Data entries |
# # # # # # #

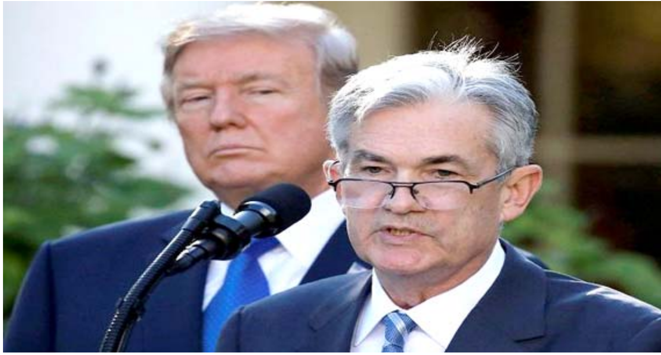
أزمة: رئيس الاحتياطي الفدرالي الأمريكي جيروم باول يتحدث عن الأزمة الاقتصادية الناجمة من تفشي كورونا ويظهر خلفه الرئيس الأمريكي دونالد ترامب

إلى هذه الأرقام، لم تعد الأزمة المالية تشكل مرجحاً للمقارنة إذ تخطتها أرقام 2020 بشكل كبير، ويتوجب بدلاً من ذلك العودة إلى أرقام كساد الثلاثينيات. وشهد الناتج المحلي الإجمالي للدولة ذات الاقتصاد الأول في العالم تراجعاً بنسبة 4.8% في الفصل الأول، وهو أقسى انخفاض منذ الفصل الرابع لعام 2008 (8.4%) وأودى كوفيد-19 بحياة نحو 73 ألف شخص في الولايات المتحدة، وأصاب ما يوازي 2.2 مليون شخص، بحسب تعداد لجامعة جونز هوبكنز.
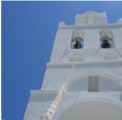
Παναγία η Χρυσοπηγή
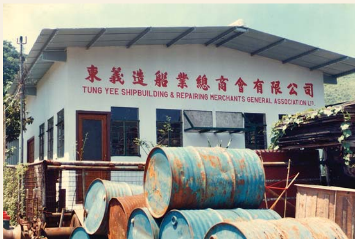
80 年代位於青衣的東義造船業總商會有限公司 (轉載自 Wong, Y.S., The Development of Heavy Industry in Tsing Yi )

船廠一般佔地 17,000 呎，其中 15 家船廠佔地 34,000 呎，各船廠在 1966 年合計有員工約 3,000 人， 34 多為青衣以外的居民，每天乘坐西約的舢舨到青衣上班 35 。青衣各船廠東主不久組成東義造船業總商會有限公司，為船廠謀求福利及爭取權益。 36 早期船廠負責造船及修理本地約 200 噸的內河船；隨著本港口岸貿易繁盛發展，船廠也維修 1,600 噸左右的外來船隻。 37 80 年代，有 18 家船廠加入了青衣商會成為會員，船廠工業的興盛由此可見一斑。 38 政府自 90 年代起決定將青衣北岸一帶土地改作住宅用途，青衣一眾船廠備受壓力，慢慢往西面鑊底灣方向移去，業務逐漸萎縮。
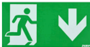
ACC. PICTO. DIANA FLAT HOMBRE + FLECHA ABAJO
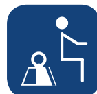
Max brugervægt ▼
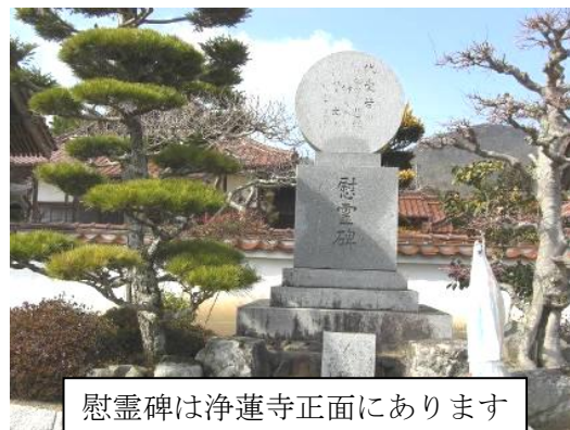
慰霊碑は浄蓮寺正面にあります
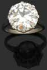
Bague diamant de 6.25 carats. Adjugée 36 500 €
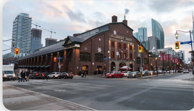
방문할 곳 토론토의 유명 명소 및 추가로 가볼만한 장소
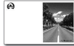
表面(パノラマロード)
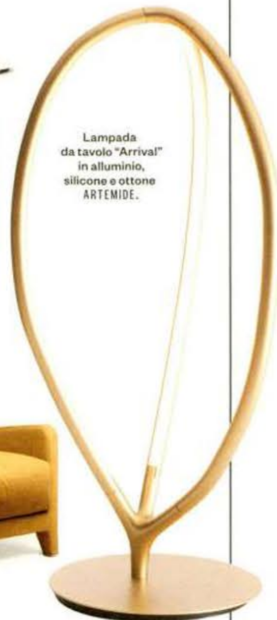
Lampada da tavolo "Arrival" in alluminio, silicone e ottone ARTEMIDE.
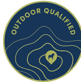
Märke som fil.
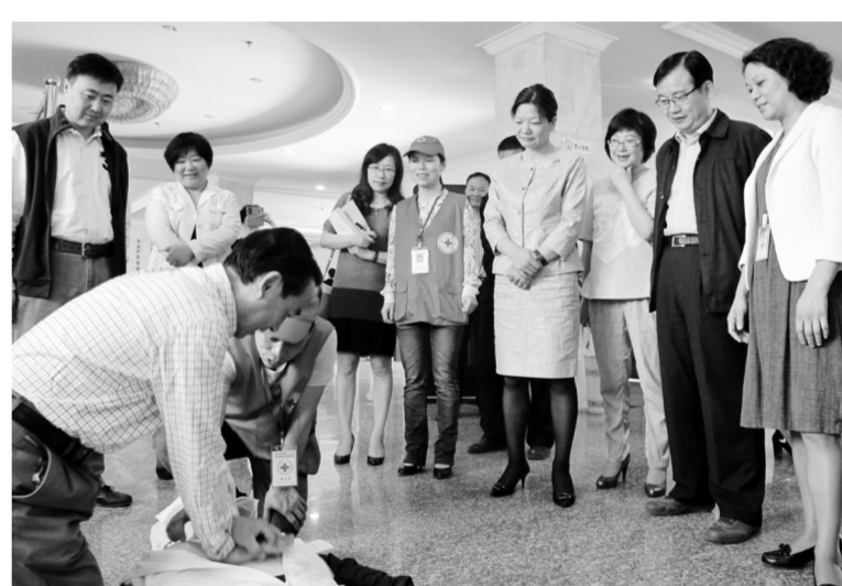
金华市红十字会举办开放日活动,市政协副主席傅玲红体验现场救护。
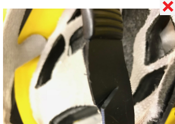
POŠKOZENÍ ČÁSTI SEŘIZOVACÍHO SYSTÉMU
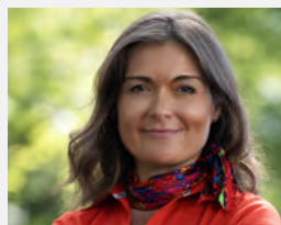
PROREKTOR DS. WSPÓŁPRACY Z OTOCZENIEM

# # # # # # #

INSTRUCTIONS TO FOLLOW | Please determine how many lines of the records above contain "الأزمة", and state that number only.

FINISHED EXERCISE | 2